Did GOP U.S. Senate candidate Tommy Thompson end welfare in Wisconsin?

Wisconsin Republican Tommy Thompson made a sweeping statement in announcing his candidacy for the U.S. Senate on Dec. 1, 2011, saying that while he served as the state’s governor, "we ended welfare."

As in, completely?

Thompson, during his brief run for president in 2007, called himself the "father of welfare reform." With experts agreeing he was a national leader in that area, Thompson’s claim earned a True from our colleagues at PolitiFact National. Reforms similar to those made in Wisconsin were later adopted at the federal level under President Bill Clinton, a Democrat, who had previously made welfare changes as governor of Arkansas.
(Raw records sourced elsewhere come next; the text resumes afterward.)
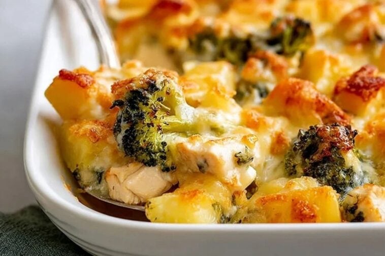 Creamy, hearty, and perfectly comforting, this Baked Potato Chicken and Broccoli Casserole brings everything you love about a well-balanced dinner into one delicious dish. Roasted potatoes, juicy chicken, and vibrant broccoli are baked in a creamy cheese sauce until golden and bubbly, making this the kind of casserole you return to all season long.
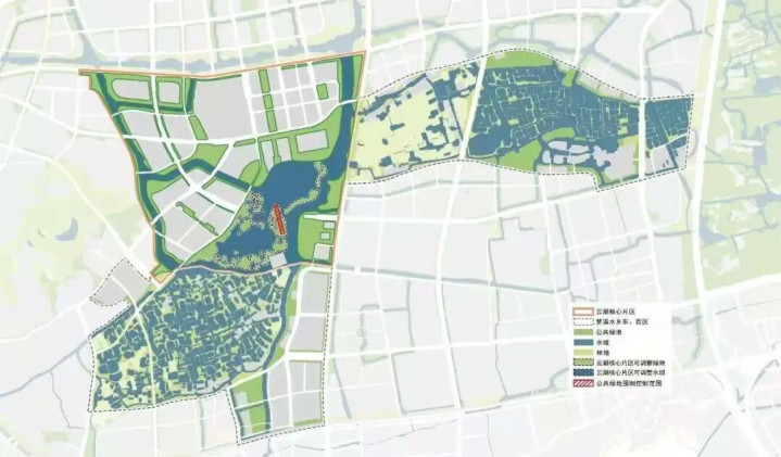 已然拉开的城市框架里,这些散落的湿地又将重新聚合。梦溪水乡,这个浪漫又柔美的名字,伴随着城市新中心的建设,成为一个宏大叙事的词汇。规划中的梦溪水乡,共分东中西三块,其中中部核心区被命名为云湖,与北面的云城遥相呼应。梦溪水乡的规模,相当于再造一个西溪湿地。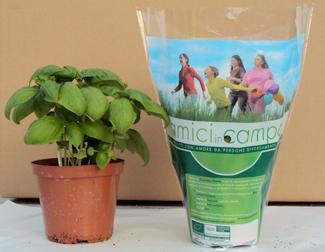 "Cerchiamo – riprende il presidente – di commercializzare con il nostro marchio Amici in campo (foto sotto), dov'è possibile. Al contempo, comunichiamo sulla vaschetta e sul vaso quella che è la nostra storia; ma è difficile raccontare una storia del genere dietro a due foglie di basilico, ed è un peccato non poter riferire appieno quello che facciamo per il territorio. Sarebbe bello, una volta tanto, raccontare qualcosa di positivo".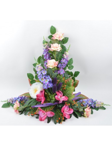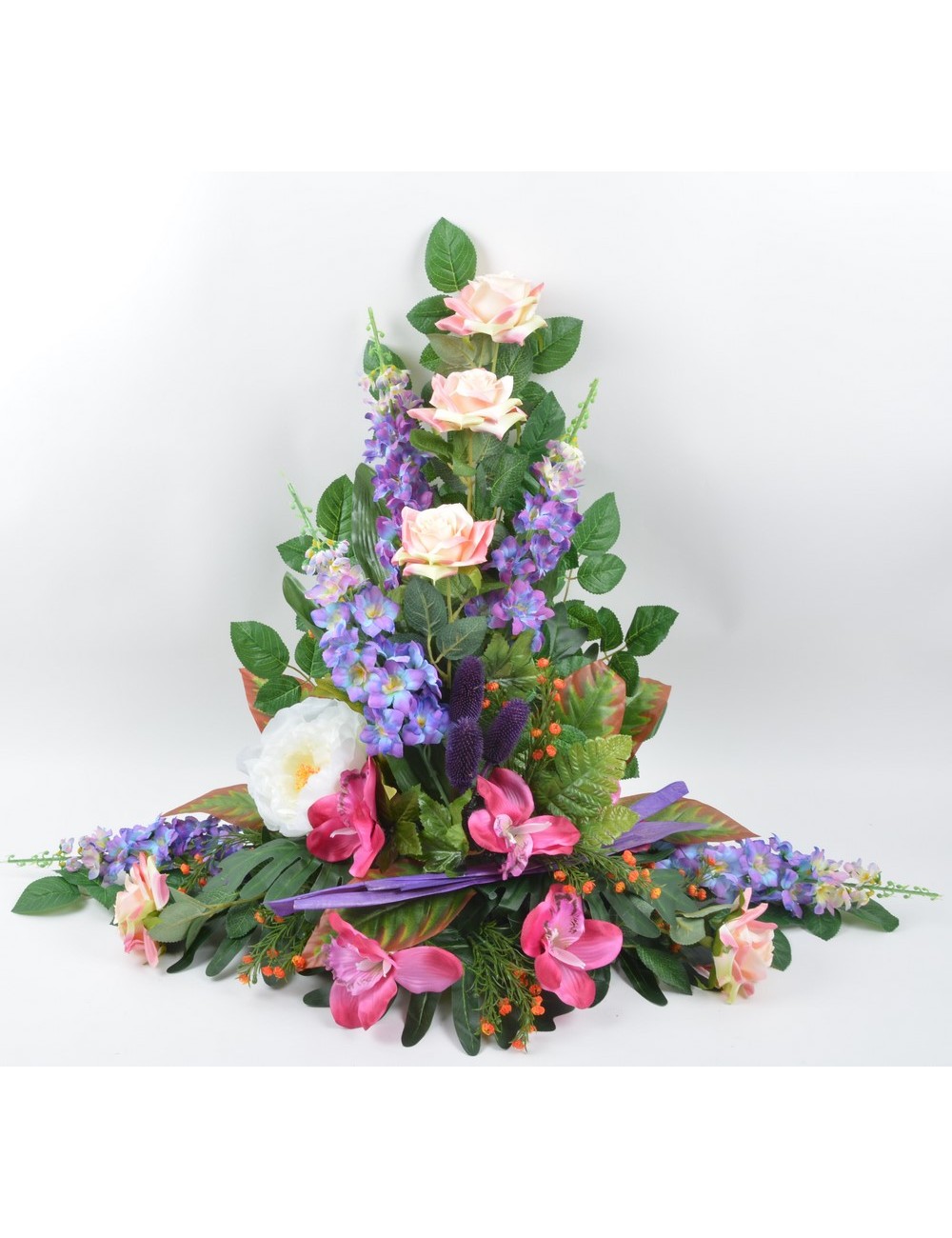 DEVANT DE TOMBE PM DELPHINIUM ROSE PIVOINE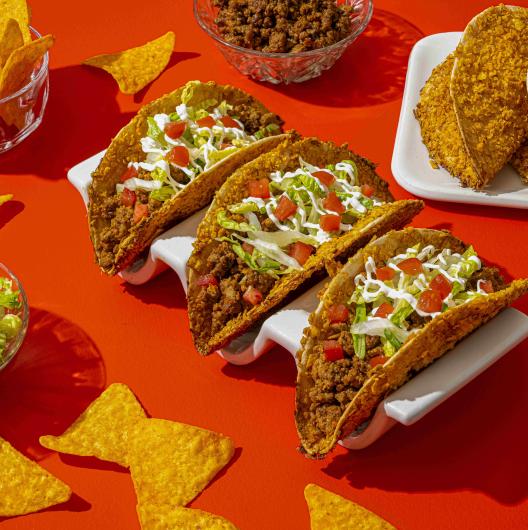 3 Meanwhile, finely crush approximately half a bag of DORITOS® and transfer onto a plate or wide, shallow dish. Reserve the remaining uncrushed chips for garnish.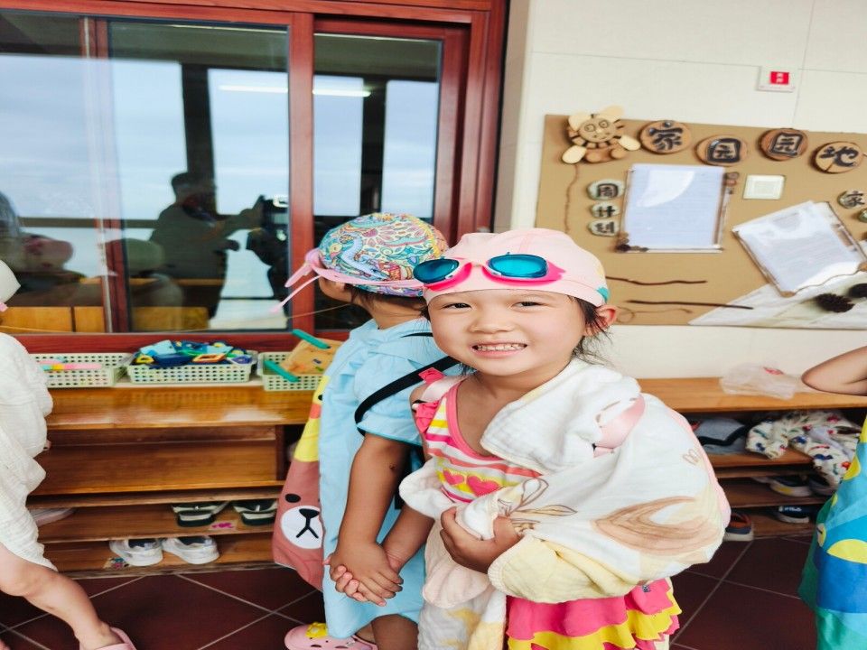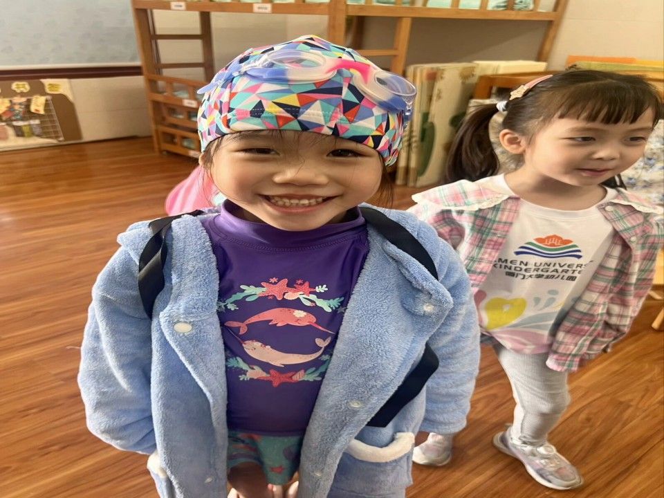 深秋十一月,大一班的小朋友终于盼来了久违的“嬉水”活动,十一月的天气特别舒适,真是个游泳的好日子。我们在老师和“志愿者”爸爸妈妈的帮助下以最快的速度换好泳衣,已经迫不及待要玩水去啦!你看,我们的装备多齐全,多可爱呀!

But reforming welfare isn’t the same as ending it.

As Thompson tries to burnish his conservative credentials against two other candidates for the GOP nomination in 2012, let’s step back in time.

Before becoming President George W. Bush’s health and human services secretary in 2001, Thompson served for 14 years as Wisconsin’s governor. One of his signature accomplishments was "Wisconsin Works -- W2," a measure he signed in to law in 1996.
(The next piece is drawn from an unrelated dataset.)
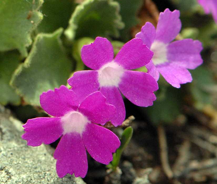 Three purple/pink Primula species which are not uncommon in the Alps or the Pyrenees are distinguished by their leaves rather than their flowers. The leaves of this plant which you would expect to be called Hairy Primrose, have short hairs and have a few large blunt teeth towards the tip. Primula hirsuta grows in the Alps and Pyrenees and can be found even at heights of 12,000 feet. Cultivars of this species are available from garden centres and Alpine specialists.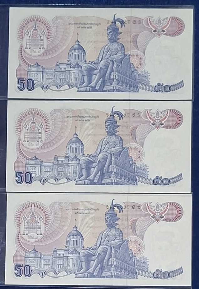 ธนบัตรแบบที่ 13 ในหลวงรัชกาลที่ 9 ชนิด 50 บาท จำนวน 3 ใบ โรงพิมพ์ธนาคารแห่งประเทศไทย ***ธนบัตรสภาพดี ไม่ผ่านการใข้งาน **UNC**พิจารณาตามภาพประกอบ***

Thompson’s Senate campaign spokesman, Darrin Schmitz, cited W-2 as the primary evidence to back Thompson’s claim.

A booklet on W-2 produced by the Thompson administration at the time hailed the law as "the end of welfare," saying it eliminated "automatic welfare checks" provided by the Aid to Families with Dependent Children program.

For decades, AFDC’s cash entitlement to low-income families, which sometimes lasted for many years, was synonymous with "welfare" in America.

AFDC included virtually no work requirements, but W-2 not only requires recipients to work, or engage in work-related activity such as training, it puts a five-year limit on how long they can be in the program.

There are several types of W-2 assistance. Some recipients, for example, work in private-sector "trial jobs" that pay at least minimum wage and are intended to become permanent, while others earn up to $673 per month working in community service jobs. In October 2011, the number of people in W-2, which is budgeted to cost $626 million in state and federal funds in 2010-2011, was nearly 16,000 -- up 15 percent from a year earlier.

So, Thompson replaced the AFDC entitlement with the work-required W-2 -- but does that mean he ended welfare, period?

The definition of welfare is key.

Thompson "had a leading role in ending welfare as we previously knew it," said Jon Peacock, research director of the Wisconsin Council on Children and Families, a liberal think tank. "Whether he eliminated welfare altogether is a matter of semantics.  If by welfare, one means an entitlement program that doesn’t require work, then I think one can say that (Thompson) played a leading role in the effort to eliminate welfare.  If one uses a more expansive definition, equating welfare with public assistance generally or with any form of cash assistance, then it’s not accurate to say it was eliminated."  

New York University professor of politics Lawrence Mead, who has done a number of studies on W-2, agreed.

"If welfare means the old system, then he’s right, he did indeed abolish it," Mead said of Thompson, noting Wisconsin was the first state to create an "all-work-based" aid system.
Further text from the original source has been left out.